### Data to process ###

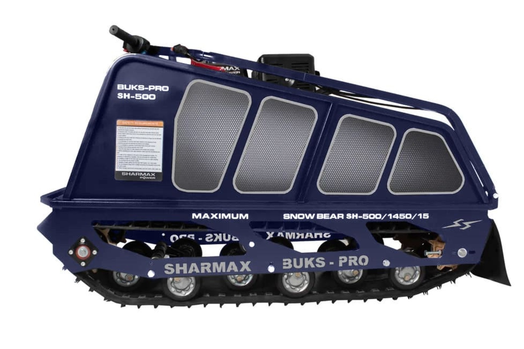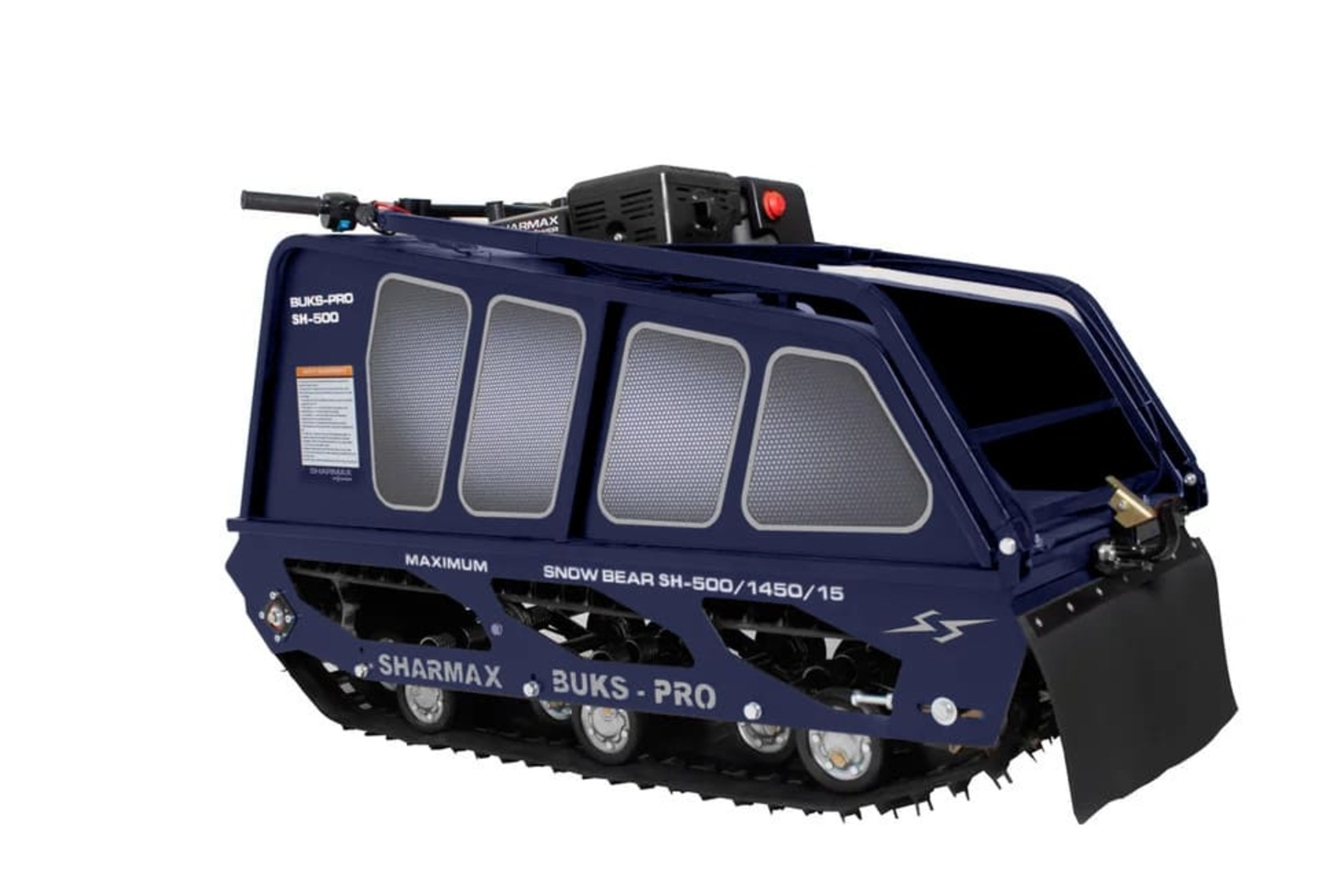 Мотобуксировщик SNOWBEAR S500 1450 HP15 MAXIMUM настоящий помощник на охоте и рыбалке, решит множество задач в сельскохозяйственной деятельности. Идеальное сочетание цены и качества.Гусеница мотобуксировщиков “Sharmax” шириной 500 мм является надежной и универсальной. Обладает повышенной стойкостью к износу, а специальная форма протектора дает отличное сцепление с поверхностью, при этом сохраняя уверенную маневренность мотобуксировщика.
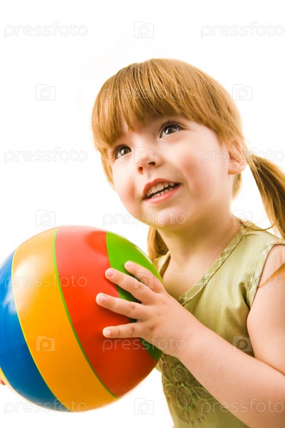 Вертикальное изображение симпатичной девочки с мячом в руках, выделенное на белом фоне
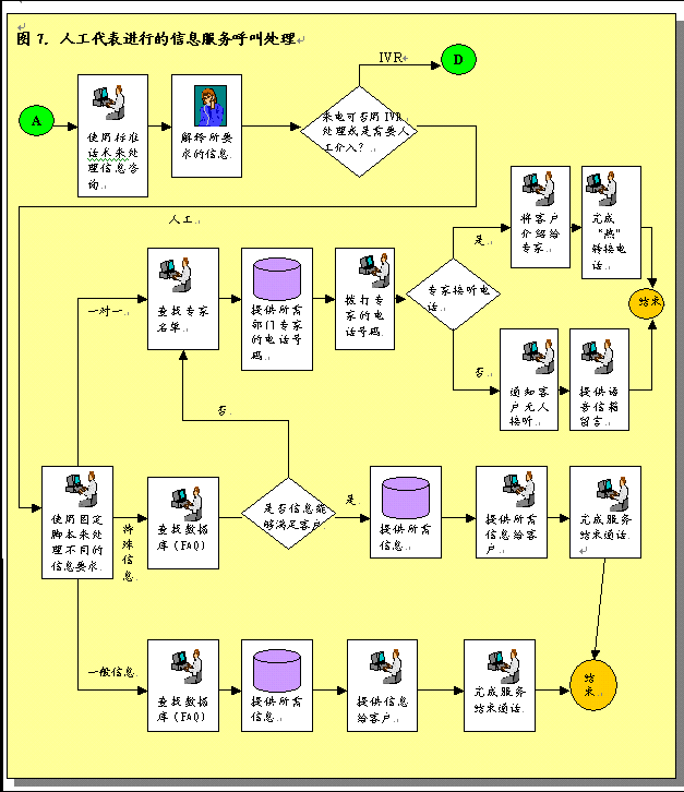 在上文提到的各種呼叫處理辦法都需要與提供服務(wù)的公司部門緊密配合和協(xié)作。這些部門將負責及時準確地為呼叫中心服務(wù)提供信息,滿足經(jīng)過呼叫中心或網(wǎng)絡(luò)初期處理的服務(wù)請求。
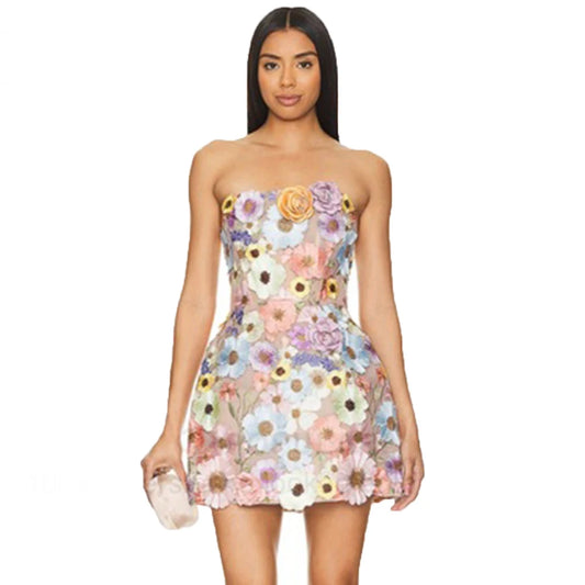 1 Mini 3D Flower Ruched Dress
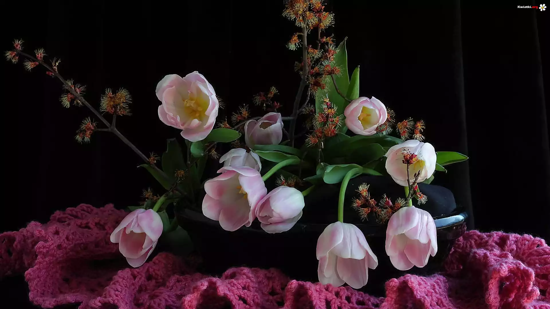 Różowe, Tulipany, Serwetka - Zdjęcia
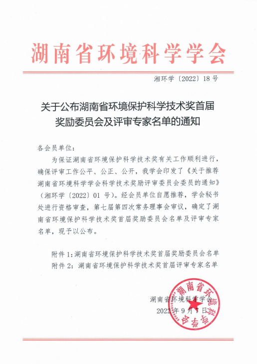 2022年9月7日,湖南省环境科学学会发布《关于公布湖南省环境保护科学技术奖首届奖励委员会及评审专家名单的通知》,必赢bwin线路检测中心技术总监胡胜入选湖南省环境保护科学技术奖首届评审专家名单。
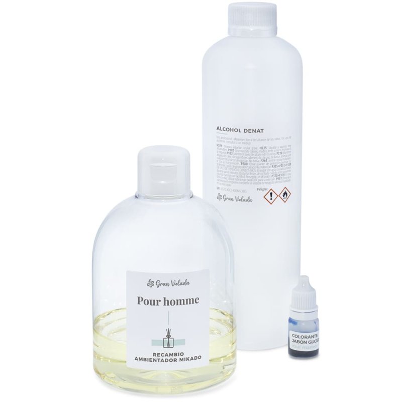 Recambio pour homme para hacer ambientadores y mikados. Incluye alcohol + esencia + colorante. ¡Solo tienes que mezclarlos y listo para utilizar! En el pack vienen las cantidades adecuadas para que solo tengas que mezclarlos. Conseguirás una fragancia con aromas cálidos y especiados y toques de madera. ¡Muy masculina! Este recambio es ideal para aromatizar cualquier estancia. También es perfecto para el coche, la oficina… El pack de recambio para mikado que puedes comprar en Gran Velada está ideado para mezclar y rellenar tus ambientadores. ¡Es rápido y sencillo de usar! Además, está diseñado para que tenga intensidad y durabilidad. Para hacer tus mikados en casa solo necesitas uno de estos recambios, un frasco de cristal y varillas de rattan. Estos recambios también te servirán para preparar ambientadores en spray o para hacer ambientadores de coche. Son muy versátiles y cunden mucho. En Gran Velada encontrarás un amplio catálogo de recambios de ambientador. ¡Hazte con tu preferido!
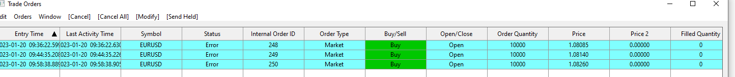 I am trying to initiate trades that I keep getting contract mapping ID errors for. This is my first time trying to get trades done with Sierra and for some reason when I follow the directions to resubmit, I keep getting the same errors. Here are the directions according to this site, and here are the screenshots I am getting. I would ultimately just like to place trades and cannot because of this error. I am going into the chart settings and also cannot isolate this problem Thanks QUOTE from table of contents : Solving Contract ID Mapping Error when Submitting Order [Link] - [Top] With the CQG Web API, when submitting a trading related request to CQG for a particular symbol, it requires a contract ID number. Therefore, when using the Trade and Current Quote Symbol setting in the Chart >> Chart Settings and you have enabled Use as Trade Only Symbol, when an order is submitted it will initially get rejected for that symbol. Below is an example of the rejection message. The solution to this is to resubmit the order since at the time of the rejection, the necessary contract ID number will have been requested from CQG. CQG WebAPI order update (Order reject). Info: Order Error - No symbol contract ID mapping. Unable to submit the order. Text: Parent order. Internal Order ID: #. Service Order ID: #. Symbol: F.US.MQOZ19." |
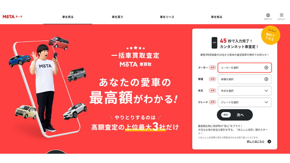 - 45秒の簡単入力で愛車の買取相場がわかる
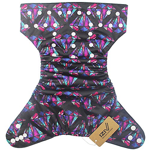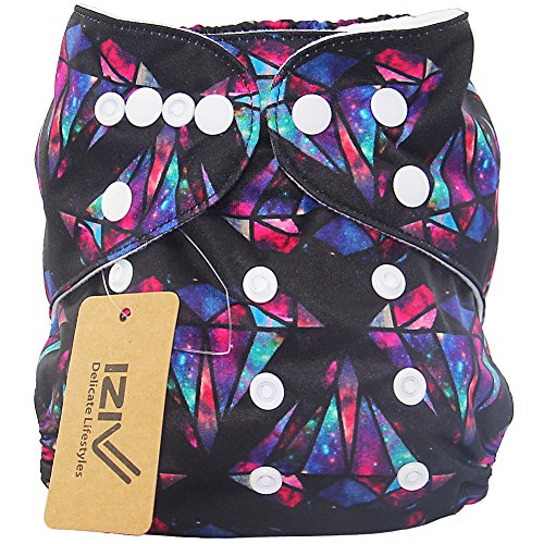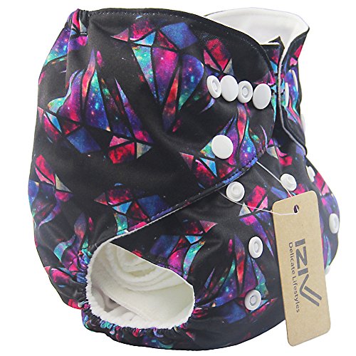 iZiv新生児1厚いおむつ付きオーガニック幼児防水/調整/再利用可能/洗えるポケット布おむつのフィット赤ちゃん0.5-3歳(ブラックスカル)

###

* Directions *
Quote the lines above exactly, starting with the one that has "1 Mini 3D Flower Ruched Dress" and ending with the one that has "2022年9月7日,湖南省环"; drop the pictures and include nothing else.

* Task response *
 1 Mini 3D Flower Ruched Dress
 Różowe, Tulipany, Serwetka - Zdjęcia
 2022年9月7日,湖南省环境科学学会发布《关于公布湖南省环境保护科学技术奖首届奖励委员会及评审专家名单的通知》,必赢bwin线路检测中心技术总监胡胜入选湖南省环境保护科学技术奖首届评审专家名单。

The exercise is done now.